Calico operates at layer 3. It prefers BGP without an overlay network for the highest speed and efficiency, but in scenarios where hosts cannot directly communicate with one another, it can utilize an overlay solution (e.g. VxLAN or IP-in-IP). Calico also supports network policies for protecting workloads and nodes from malicious activity or aberrant applications.

The Calico networking Pod contains a CNI container to keep track of Pod deployment, and register addresses and routes. It also contains a daemon that announces the IP and route information to the network via the Border Gateway Protocol (BGP). The BGP daemon build a map of the network that enables cross-host communication.

Calico requires a distributed and fault-tolerant key/value store, and deployments often choose etcd to deliver this component. Calico uses it to store metadata about routes, virtual interfaces, and entwork policy objects. Calico can either use a separate HA deployment of etcd, or the same etcd datastore with the Kubernetes cluster.

When we are unable to use BGP (e.g. with cloud provider, or in an environment where we have no permission to configure router peers. Calico’s IP-in-IP mode encapsulates packets before sending them to other nodes.
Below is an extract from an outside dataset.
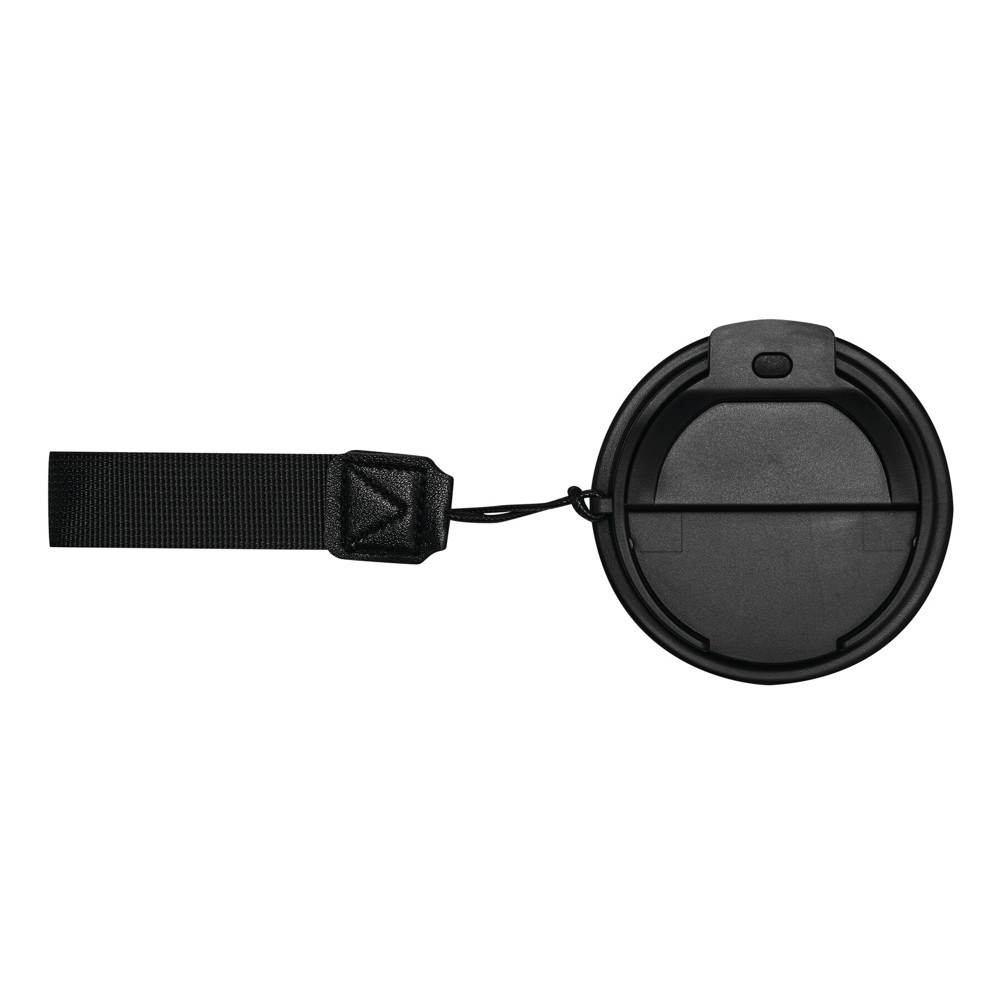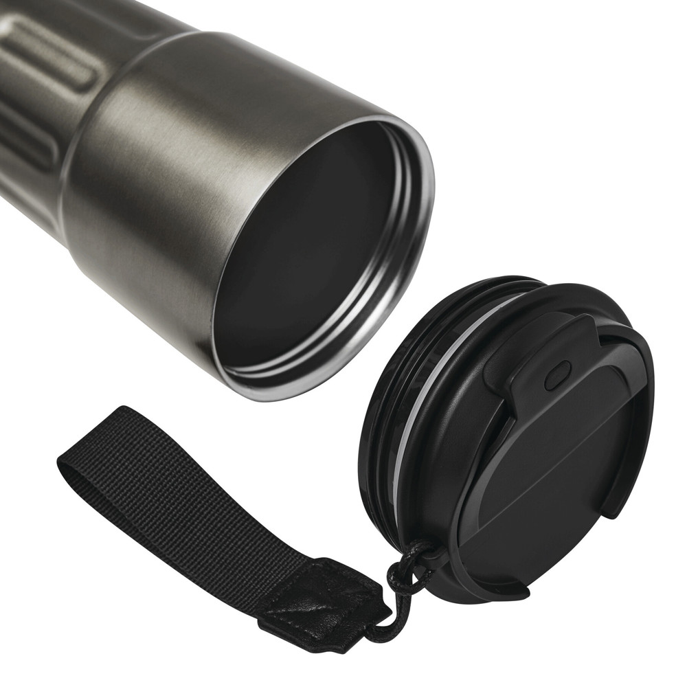 Insulated mug TRAVEL MUG, double-walled: inside and outside made of stainless steel, matte powder coating, plastic lid with secure screw cap, silicone seal, and integrated drinking opening, capacity approx. 400 ml, wrist strap made from recycled plastic

Once IP-in-IP is configured, Calico wraps inter-Pod packets in a new packet with headers that indicate the source of the packet is the host with the originating Pod, and the target of the packet is the host with the destination Pod. The Linux kernel performs this encapsulation, and then forwards the packet to the destination host where it is unwrapped and delivered to the destination Pod.

Canal

The followings is quoted from Rancher website:

Canal seeks to integrate the networking layer provided by Flannel with the networking policy capabilities of Calico. As the contributors worked through the details however, it became apparent that a full integration was not necessarily needed if work was done on both projects to ensure standardization and flexibility. As a result, the official project became somewhat defunct, but the intended ability to deploy the two technology together was achieved. For this reason, it’s still sometimes easiest to refer to the combination as “Canal” even if the project no longer exists.
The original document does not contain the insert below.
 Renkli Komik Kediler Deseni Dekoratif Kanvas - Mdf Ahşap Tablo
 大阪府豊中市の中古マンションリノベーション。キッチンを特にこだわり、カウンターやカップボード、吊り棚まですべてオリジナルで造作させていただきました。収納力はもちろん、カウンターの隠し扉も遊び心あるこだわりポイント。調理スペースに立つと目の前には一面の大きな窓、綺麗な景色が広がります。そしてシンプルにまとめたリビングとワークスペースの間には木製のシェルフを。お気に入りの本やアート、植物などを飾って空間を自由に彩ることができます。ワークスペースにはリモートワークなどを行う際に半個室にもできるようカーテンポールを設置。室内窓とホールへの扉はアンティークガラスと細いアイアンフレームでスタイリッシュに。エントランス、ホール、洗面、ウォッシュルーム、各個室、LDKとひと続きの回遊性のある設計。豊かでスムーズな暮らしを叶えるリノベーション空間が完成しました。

Because Canal is a combination of Flannel and Calico, its benefits are also at the intersection of these two technologies. The networking layer is the simple overlay provided by Flannel that works across many different deployment environments without much additional configuration. The network policy capabilities layered on top supplement the base network with Calico’s powerful networking rule evaluation to provide additional security and control.

Weave Net

Weave Net by Weaveworks offers a different paradigm. Weave creates a mesh overlay network between each of the nodes in the cluster, allowing for flexible routing between participants. Applications use the network just as if the containers were all plugged into the same network switch, with no need to configure port mappings and links.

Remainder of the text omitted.